▶ [Task description]
Set the images aside and retype the whole listing exactly.
· · · ·
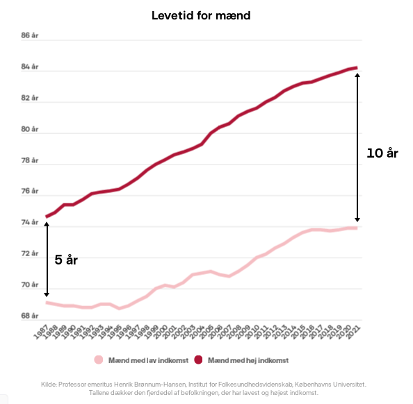 Hvad man dog ser er, at for det første er den forventede levealder i Danmark stagnerende. For det andet skelnes der ikke mellem klasser, når udregning af gennemsnitslevealderen i Danmark tages i betragtning: De laveste indkomstgrupper lever i gennemsnit 10 år mindre end de højeste indkomstgrupper i Danmark. Tendensen viser desuden at forskellen i gennemsnitslevealderen mellem rig og fattig hverken bliver mindre eller forbliver den samme – den er stigende: i 1987 var forskellen i gennemsnitslevealder mellem rig og fattig nemlig kun 5 år. Det vil sige at for den rigeste del af befolkningen vil pensionsårene i gennemsnit vare længere, selvom pensionsalderen stiger, mens den vil blive mindre og mindre for den dybeste og bredeste del af folket.Det vil i praksis betyde at pensionsårene vil blive færre for den laveste del af befolkningen. Sandsynligvis vil de år også være af ringere kvalitet, fordi selvom folk i gennemsnit bliver ældre lige nu, er der intet bevis på at livskvaliteten af de sidste år bliver meget bedre, specielt når flere skal bruges på at arbejde.
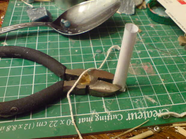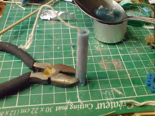 Colocar el molde vertical y puesto y mecha en él (una delgada enrollada pedazo de tejido, un filamento de la cadena... que cosas de inflamables)
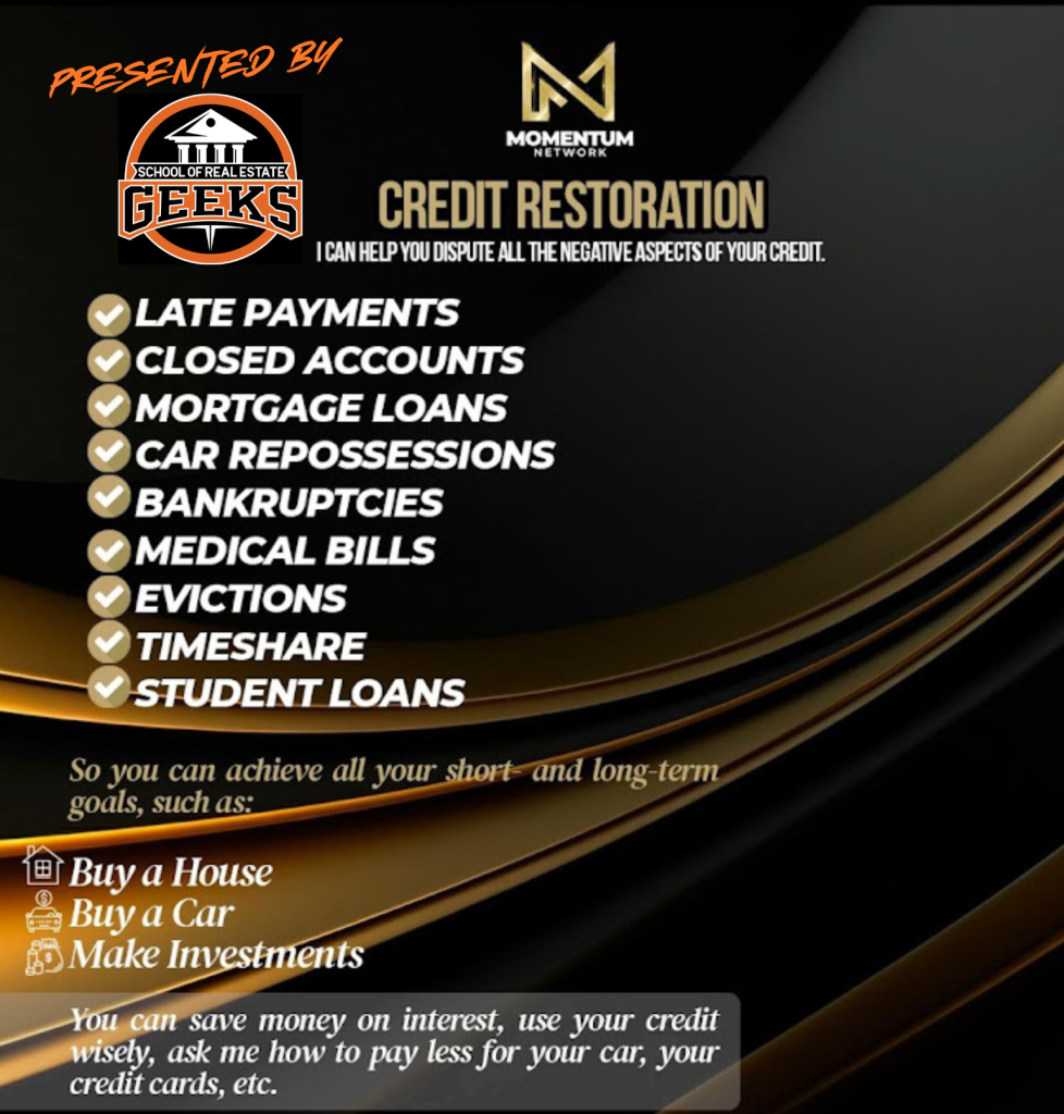 The School of Real Estate Geeks is proud to announce our new partnership with Momentum AI Credit Repair, a cutting-edge credit restoration service that leverages the power of artificial intelligence to dispute and remove negative items from your credit report.
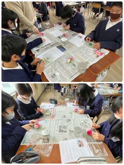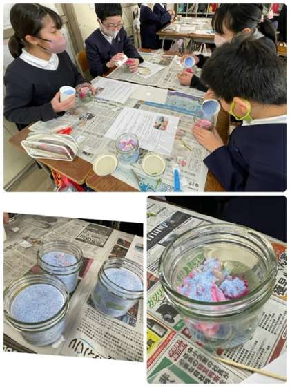 6年生は、「ボトルフラワー」作りです。
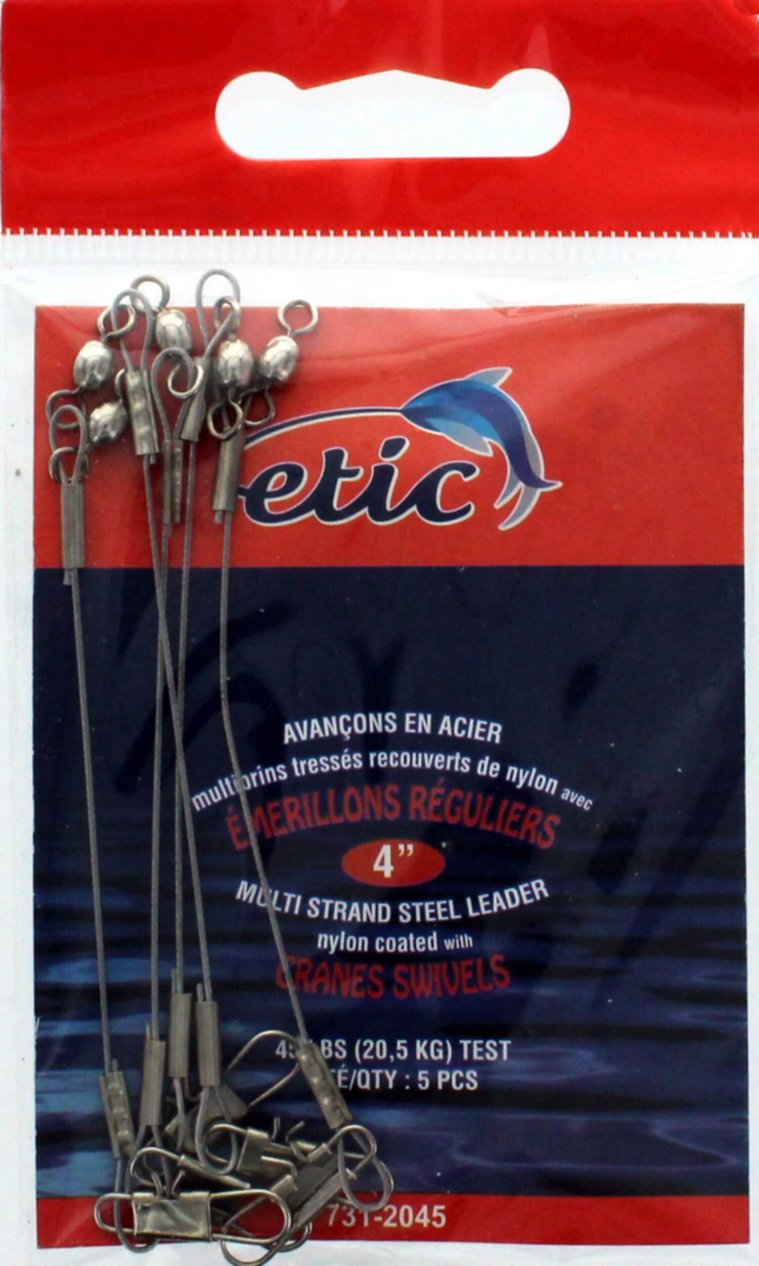The Etic steel leaders are designed for anglers who want quick and easy lure changes without twisting. The nickel finish offers excellent no-twist protection, making them ideal for catching toothy fish like pike, muskie and walleye. They come in assorted sizes and depths, and a pack of five leaders means you'll have a spare on hand whenever one gets chomped by a fighter.
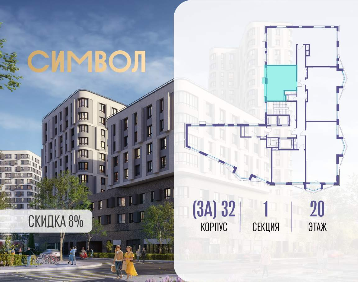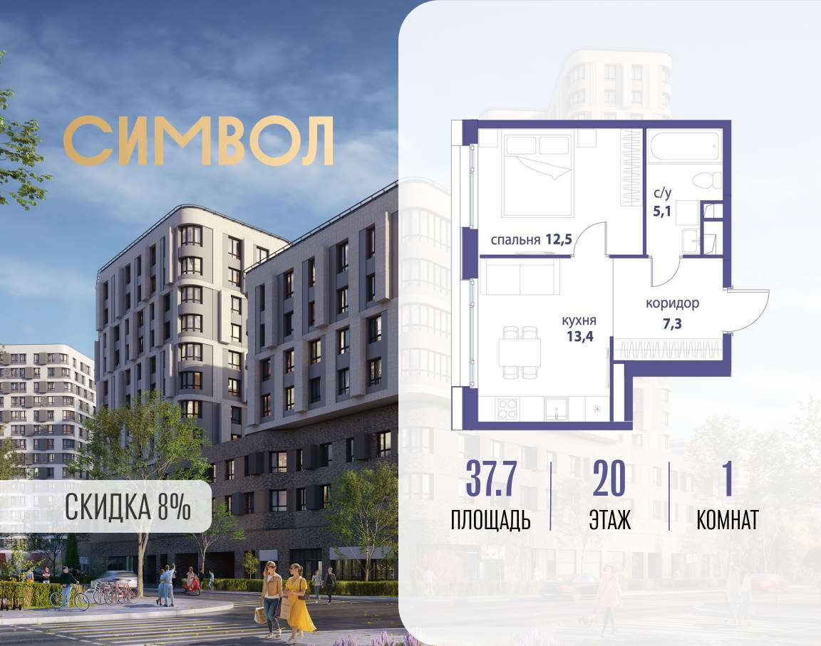 Продается 1-комнатная квартира от застройщика: общая площадь 37.70 м, жилая 12.50 м, кухня 13.40 м, 20-й этаж, жилой квартал «Вдохновение», корпус 32 (секция 1) . Срок сдачи: 4 квартал 2027 года.
· · · ·
▶ [Response]
 Hvad man dog ser er, at for det første er den forventede levealder i Danmark stagnerende. For det andet skelnes der ikke mellem klasser, når udregning af gennemsnitslevealderen i Danmark tages i betragtning: De laveste indkomstgrupper lever i gennemsnit 10 år mindre end de højeste indkomstgrupper i Danmark. Tendensen viser desuden at forskellen i gennemsnitslevealderen mellem rig og fattig hverken bliver mindre eller forbliver den samme – den er stigende: i 1987 var forskellen i gennemsnitslevealder mellem rig og fattig nemlig kun 5 år. Det vil sige at for den rigeste del af befolkningen vil pensionsårene i gennemsnit vare længere, selvom pensionsalderen stiger, mens den vil blive mindre og mindre for den dybeste og bredeste del af folket.Det vil i praksis betyde at pensionsårene vil blive færre for den laveste del af befolkningen. Sandsynligvis vil de år også være af ringere kvalitet, fordi selvom folk i gennemsnit bliver ældre lige nu, er der intet bevis på at livskvaliteten af de sidste år bliver meget bedre, specielt når flere skal bruges på at arbejde.
 Colocar el molde vertical y puesto y mecha en él (una delgada enrollada pedazo de tejido, un filamento de la cadena... que cosas de inflamables)
 The School of Real Estate Geeks is proud to announce our new partnership with Momentum AI Credit Repair, a cutting-edge credit restoration service that leverages the power of artificial intelligence to dispute and remove negative items from your credit report.
 6年生は、「ボトルフラワー」作りです。
The Etic steel leaders are designed for anglers who want quick and easy lure changes without twisting. The nickel finish offers excellent no-twist protection, making them ideal for catching toothy fish like pike, muskie and walleye. They come in assorted sizes and depths, and a pack of five leaders means you'll have a spare on hand whenever one gets chomped by a fighter.
 Продается 1-комнатная квартира от застройщика: общая площадь 37.70 м, жилая 12.50 м, кухня 13.40 м, 20-й этаж, жилой квартал «Вдохновение», корпус 32 (секция 1) . Срок сдачи: 4 квартал 2027 года.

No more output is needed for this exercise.